Sharon Kennedy: Precautions ensure safety, not sensibility

The other day my feline friend, Miss Peggy, was demanding a serving of her favorite treats. I had just purchased a new container of Temptations Catnip Mix-Up Fever Flavor and was about to open it when I saw the flip top was already open. Well, I thought, isn’t that peculiar. Why would anyone open a treat for cats when there are dozens of cookie and candy packages to rip open and enjoy before getting arrested. My belief that people are definitely an odd lot is usually confirmed on a daily basis.

But once I was home and pried the lid off the treats, the piece of plastic covering them was intact so I wasn’t concerned about anyone adding something to the container that might prove dangerous to my cat. It doesn’t take much to mystify me when it comes to packaging. The precautions taken by the food industry are good examples. First we must snip the plastic around the outside rim of whatever item we’re opening. Then we must enlist the aid of a strong person to unscrew the top. Then it’s on to the challenge of removing the piece of paper glued to the inner rim. I usually take a sharp knife and jab it through the paper which allows me to pull it off with a minimum amount of effort. Naturally, some of it refuses to yield and remains stuck at which point I simply give up and leave it.

Mystification also occurs when I think about the factories where the products are packaged. At one time I watched a show called “Unwrapped with Marc Summers.” I learned a lot about how jars and cans are filled and the process of adding cream filling to Twinkies, Ding Dongs and lots of other sweets. The one thing I did not learn was how the machines are cleaned. All those tubes squirting cream into cupcakes, ketchup into bottles and Miracle Whip into plastic jars must be cleaned at some point, but when? If a factory runs 24/7, when are the tubes cleaned and the grease vats emptied and the interiors sanitized prior to adding more oil and potatoes for Lay’s chips? Ditto for dispensers coating chocolate on candy bars. The list of machinery requiring cleaning is endless.

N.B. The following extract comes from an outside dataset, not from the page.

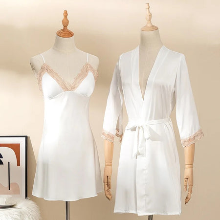 Christy Silk Sleepwear + Robe - White Boned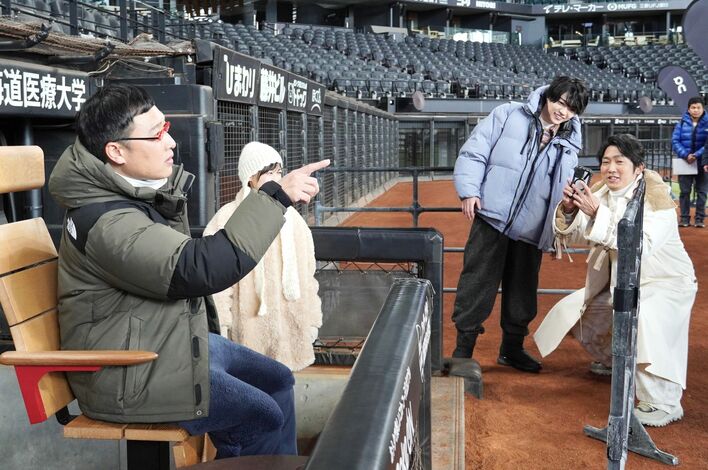 4人が最初に向かうのは、2023年に開業した北海道日本ハムファイターズの本拠地「エスコンフィールドHOKKAIDO」。

Forty years ago tampering with products first came to light and spawned the trend towards adding multiple layers of plastic and paper for consumer protection. At that time, potassium cyanide was added to a bottle of Tylenol and deaths resulted from swallowing what appeared to be an innocent looking pain killer most of take for minor aches and pains. It’s a wonderful idea to make packaging tamper-proof when it’s on the store shelves, but who’s monitoring what’s going on in the factories? I’ll give them the benefit of the doubt and say cameras are everywhere and watch every move employees make giving them very little opportunity to insert or inject something that might cause harm to consumers.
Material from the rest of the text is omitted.